Back in Black
- Author: Zoey Dean
- Language: English
- Genre: Novel
- Publisher: Little Brown
- Publication date: 1 September 2005
- Publication place: United States
- Media type: Print (Paperback)
- Pages: 304 pp
- ISBN: 0-316-01092-8
- OCLC: 58729776
- LC Class: PZ7.D3473 Bac 2005
- Preceded by: Tall Cool One
- Followed by: Some Like It Hot

= Back in Black (novel) =

2005 novel by Zoey Dean

Back in Black is the fifth novel in the juvenile fiction A-List series by Zoey Dean. It was first released in September 2005 through Little, Brown and Company and re-released by Poppy in 2008.

==Plot summary==
The A-List crew, consisting of Sam, Anna, Dee, Parker, Adam, and Cammie decide to forgo the Spring Break school sponsored trip to Washington D.C. in favor of heading over to Las Vegas instead. Anna misses Ben, who is away at school, and she impulsively invites him to join her and their friends in Vegas too. She also mentions the trip to her best friend from New York, Cyn Baltres, who is impressed with the way Anna has reinvented herself.

Parker Pinelli is worried because he is secretly poor and doesn't have enough money to cover the expenses for their luxurious get away but refuses to confide in any of his friends, fearing they'll kick him off the A-list if they knew the truth. He tries to gamble but is unsuccessful as the Las Vegas laws forbid minors from collecting any winnings so he hooks up with a series of wealthier and older women to cover his costs. No one in the group notices and figure Parker is just a lady killer and decide to kick off their break with a "tacky showgirl outfit contest". The girls eagerly participate although Cammie sneaks away to an undisclosed location which causes Adam to worry that she is cheating on him.

At dinner, the group is joined by none other by Cyn and her boyfriend Scott Spencer, a handsome intellectual Anna secretly had a crush on before coming to L.A. The crew decides to visit a hypnotist, although Dee bows out in favor of trying to help the sinners of Las Vegas reform.
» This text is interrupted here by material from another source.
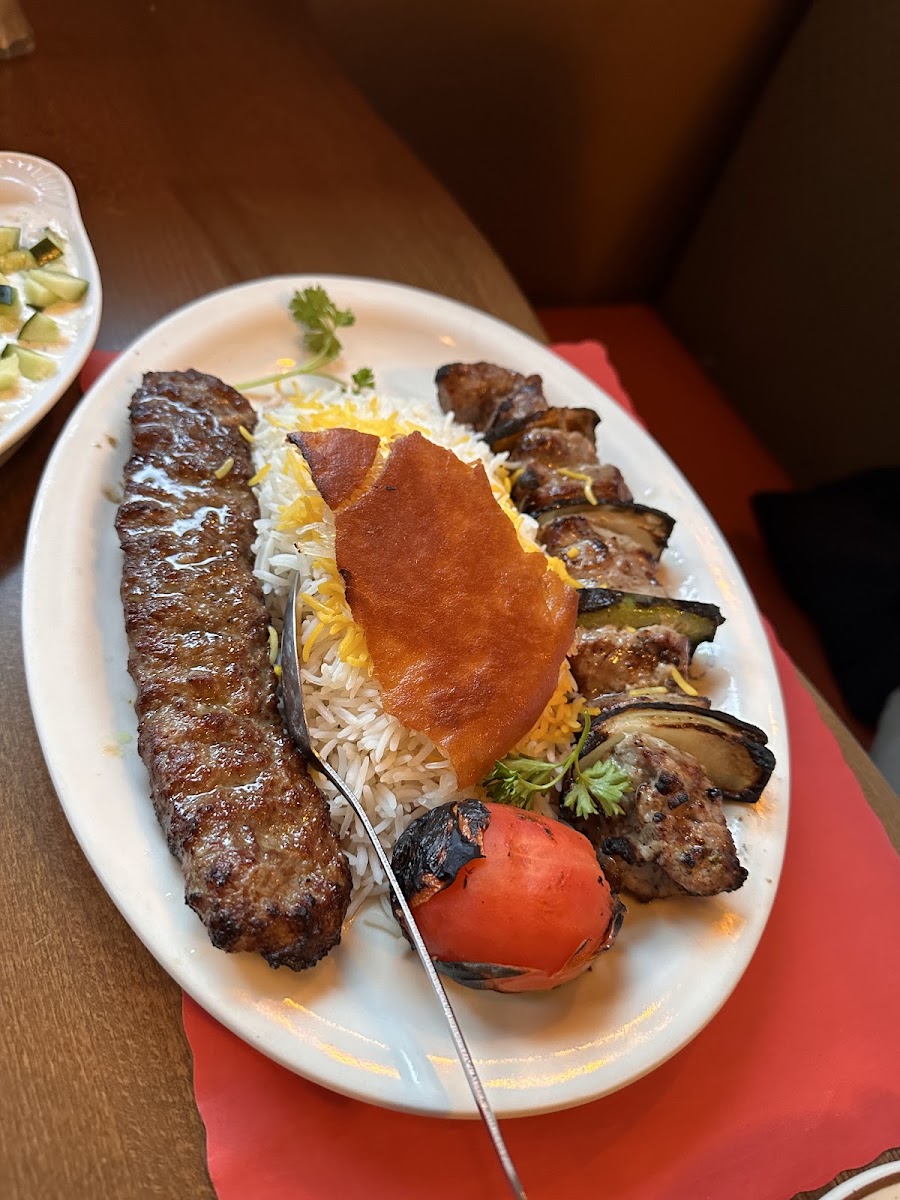 For those seeking variety, the Kabab Kaboudeh offers a delectable mix of beef, lamb, and chicken. The kebabs are perfectly paired with traditional sides like dough, a yogurt-based drink, and Shereen Polo, a dish of fragrant rice with orange peel and pistachio nuts, which adds an unexpected sweetness to the meal.

Dee's friends are a little bit worried for her as this goes beyond her normal interests in New Age or spiritual fads. Dee has Ruby Hummingbird, Sam's new half sister, on the mind and she frequently calls Poppy in a worry, claiming that she and Ruby Hummingbird have a spiritual connection. Dee begins to hear voices and believes it is Ruby Hummingbird trying to contact her.

Meanwhile, at the hypnotist, Sam is the only one of her friends who doesn't get hypnotized and she watches in shock as everyone's secrets are revealed: Adam admits that sometimes he finds other girls attractive, Cammie admits that she feels Adam can be boring sometimes, and Anna admits her secret crush on Scott. None of them remember what they said and eagerly buy a recording of the show. Sam tries to convince the others not to watch but fails and now everyone is angry with everyone: Adam and Cammie begin to argue about their relationship and Cyn refuses to speak to Anna. However, all is forgotten when Dee suffers a mental breakdown and the crew rush to the hospital to see her.

Dee is fine, although she has elected to spend some time at Ojai Mental Hospital. Relieved that Dee is fine although saddened she won't be at BHH anymore, the group returns to their hotel. Scott takes Anna aside and tells her it wouldn't work out between them and Ana realizes she only liked the idea of him and agrees, although still extremely embarrassed. She makes up with Cyn who tells her that she isn't mad because Anna was secretly lusting for her boyfriend—she was mad that Anna never confided her crush in the first place. Cyn also tells Anna that she and Scott are about to break up, if Anna wants to make a play for him but Anna declines. Meanwhile, Sam finds Parker at the bar and finds out he is poor. She promises not to tell and is impressed with the way he refuses her offer to cover his expenses. Adam and Cammie make up and Cammie admits where she had been sneaking off to—to the house of a platonic family friend who lives in Las Vegas. Said friend invites the crew to his for a party.

At the end, before they go back to Beverly Hills, Ben shows up and Anna stays behind with him. They talk about their relationship and Ben confesses that he's seeing someone at school, Blythe, but it is not serious. In the end, Anna and Ben decide to get back together.